Diversity & Inclusion

Passing on disabled candidates for safety reasons is risky business

by Erica E. Flores

Election season can bring out the best and worst in our nation. The important issues that should be the focus sometimes take a backseat to headline-grabbing one-liners. But true leaders emerge at some point in nearly every campaign. It remains to be seen which of this cycle’s large group of presidential contenders will have such a moment, but we can learn a lot from leaders of the past as we wait for it.  Caution Fork-lift trucks operating sign

On March 4, 1933, Franklin D. Roosevelt was inaugurated as the 32nd president of the United States. After taking the oath of office, he delivered his inaugural address. Speaking to a nation in the grip of the Great Depression, he famously told the American people that the only thing they had to fear was fear itself—”nameless, unreasoning, unjustified terror which paralyzes needed efforts to convert retreat into advance.” Eighty-two years later, Roosevelt’s words still ring true in many contexts, including the modern workplace.

Job offer revoked because of safety concerns

In July 2007, Coca-Cola hired Mark Kogut as a machine operator in its Northampton bottling plant. The position was temporary, but after six months, Kogut’s supervisor suggested that he apply for a full-time position. Kogut took the advice, and based on his supervisor’s recommendation, Coca-Cola offered him a full-time job conditioned on him passing a postoffer physical exam, drug and alcohol screen, and criminal background check. However, during the physical exam, he disclosed that he is blind in his left eye. Coca-Cola promptly rescinded the job offer.

Kogut filed a disability discrimination charge with the Massachusetts Commission Against Discrimination (MCAD), which took up his case. Coca-Cola argued that driving a forklift was an essential function of the machine operator position and that it was lawful to revoke the job offer because Kogut’s disability prevented him from performing that function safely. However, the MCAD hearing commissioner rejected both of those arguments. In a recent opinion, MCAD affirmed the hearing commissioner’s decision and awarded Kogut $45,636 in back wages, $75,000 for emotional distress damages, and nearly $83,000 in attorneys’ fees and costs.

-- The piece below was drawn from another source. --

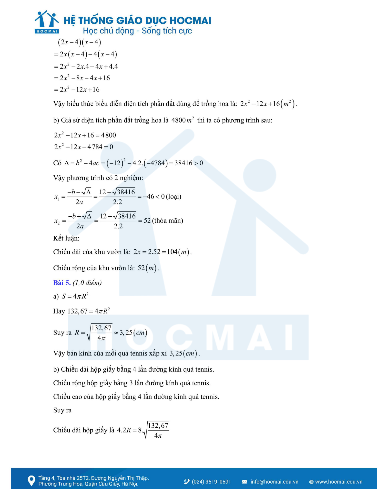 Bài 4: Là dạng câu hỏi ứng dụng phương trình giải bài toán thực tế và tương tự đề thi minh họa (khác nhau ở lệnh hỏi), thí sinh chỉ cần đọc kĩ và phân tích các dữ kiện của đề bài là có thể hoàn thành.

What about the risk to worker safety?

You might be sitting there with your mouth hanging open, wondering how MCAD could possibly fault Coca-Cola for refusing to allow a guy who is blind in one eye to operate any type of heavy machinery with other employees nearby. You might be asking, “What about the safety of my workers? If I can’t consider workplace safety when making hiring decisions, how can I possibly maintain a safe work environment? And where does it end? What if the guy had only one hand or one leg?”

That is where President Roosevelt comes in. Right now, you are making the very same mistake Coca-Cola made. Indeed, MCAD did not fault the company for refusing to hire Kogut. The commission faulted Coca-Cola because it made the decision based on nothing more than fear without first taking steps to make sure its fear was justified and the risks were unavoidable. And while it is hard to admit, MCAD actually got it right in this case.

Indeed, Coca-Cola did nothing to determine whether Kogut’s vision impairment really made him incapable of operating a forklift in a safe manner. In fact, Coca-Cola did absolutely nothing at all. The managers who made the decision to revoke the job offer did not talk to Kogut about his abilities or limitations. They did not talk to his supervisor, the plant manager, or anyone else who worked with him to get their take on how his impairment affected his performance. They did not even consider whether a reasonable accommodation could have been made. Instead, Coca-Cola ignored its obligation to engage in the interactive process and made a rash decision based on a knee-jerk, fear-based reaction to the idea of an employee who is blind in one eye operating heavy machinery with other employees nearby.

Takeaways

The regulations to the Americans with Disabilities Act (ADA) are very specific on this issue, and MCAD’s decision follows the regulations to the letter. An employer may determine that a disabled applicant is not qualified for a job based on a conclusion that he poses a direct threat to the health or safety of himself or others. However, that conclusion must be based on (1) “an individualized assessment of the individual’s present ability to safely perform the essential functions of the job” and (2) “a reasonable medical judgment that relies on the most current medical knowledge and/or on the best available objective evidence.” Furthermore, a direct threat disqualifies an applicant only if it cannot be eliminated or reduced by a reasonable accommodation.

So the next time you feel yourself getting nervous about hiring a candidate with a disability, remember Roosevelt’s warning. The only thing you should be nervous about is your own fear, so do not allow it to be your downfall. You are not a doctor, and your fear that an applicant’s disability could create a safety hazard is probably based more on what you don’t know than on what you do know.

Put that fear aside and educate yourself. Talk to the candidate. Learn about his disabling condition and how it could affect his ability to perform the essential functions of the position. Collect the medical evidence you need to make an informed decision. If you conclude that the candidate’s condition would present a “direct threat of substantial harm” in your workplace, consider whether the threat can be eliminated by an accommodation of some kind. That way, you can overcome your fear and “convert retreat into advance.”